The incident has sparked varied responses from those who heard the story. While many people - mostly parents - sympathize with the Kuleszas, others are less inclined. For example, when I related the tale to an unnamed colleague and asked if he had ever heard of an airline bouncing a child from a flight he said, "No, but I'm all for it. Couldn't they have checked her with the baggage?"
This colleague, as it happens, has no kids.
AirTran, meanwhile, has apparently had a change of heart. After the airline received a phone call Thursday from yours truly, an AirTran customer service rep called the Kuleszas, apologized profusely for the incident and refunded them the $595 cost of their tickets.
"We do believe the situation could have been handled differently," said AirTran spokeswoman Judy Graham-Weaver. "We will use this case as a means to train our agents on dealing with this type of situation on our flights ... While there are FAA regulations that mandate all passengers have to be securely fastened in their seat belts before a plane can depart, we need to work with our customers in situations like this to help them - and that is what we will focus on."

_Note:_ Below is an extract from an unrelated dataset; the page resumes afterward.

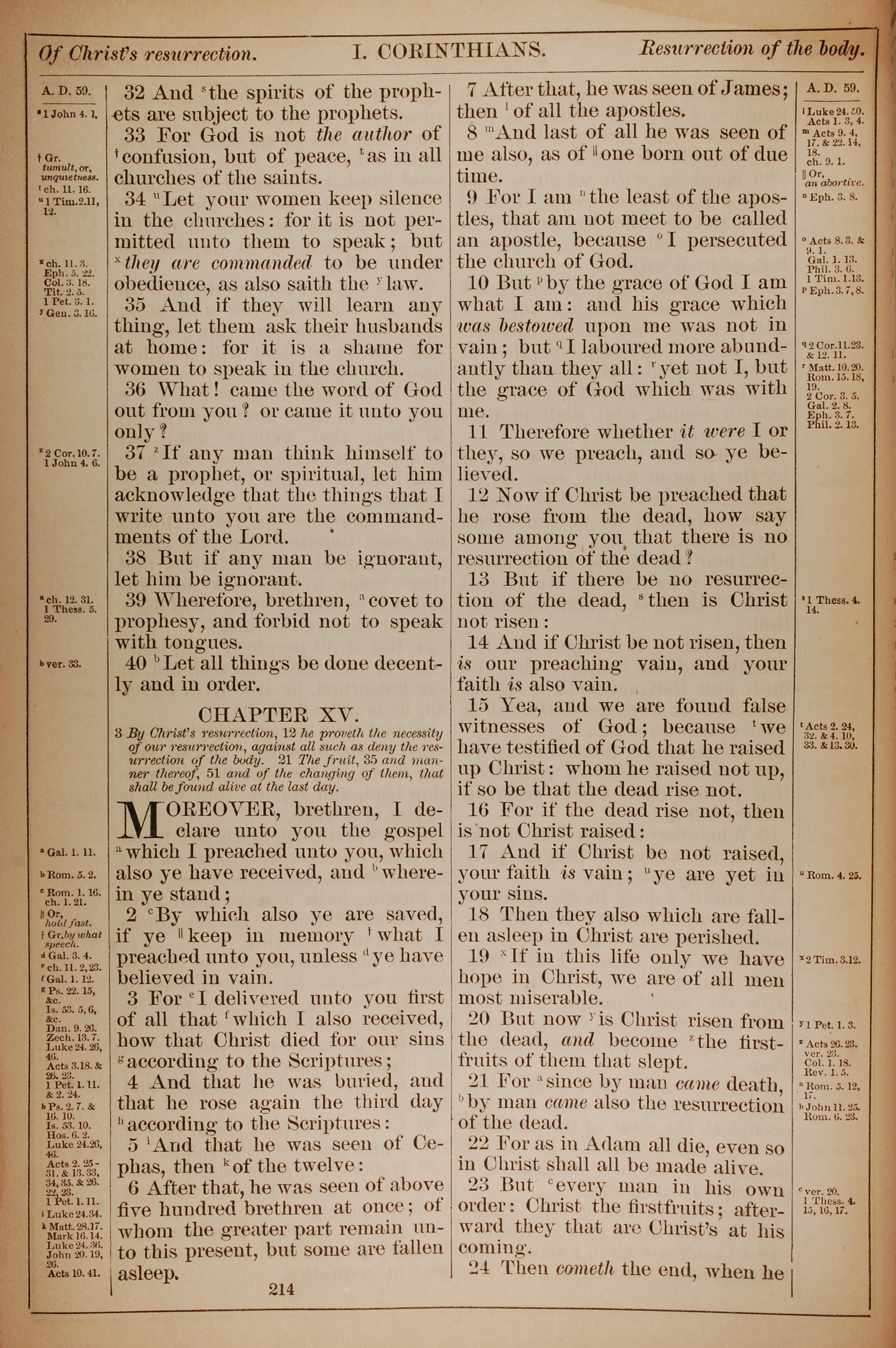 1882年Holy Bible 哥林多前书 14 章 32 节到 15 章 24 节

Ms. Kulesza is appreciative of the response, but believes she could have calmed her daughter down, if given the chance.
"It wasn't like she had a bomb strapped to her waist," she noted.
AirTran also extended another offer to the Kuleszas - free airline tickets to the destination of their choosing. The offer has been declined.
"I said I appreciated it, but I told them not to bother," Ms. Kulesza said. "We won't ever be flying with that airline again."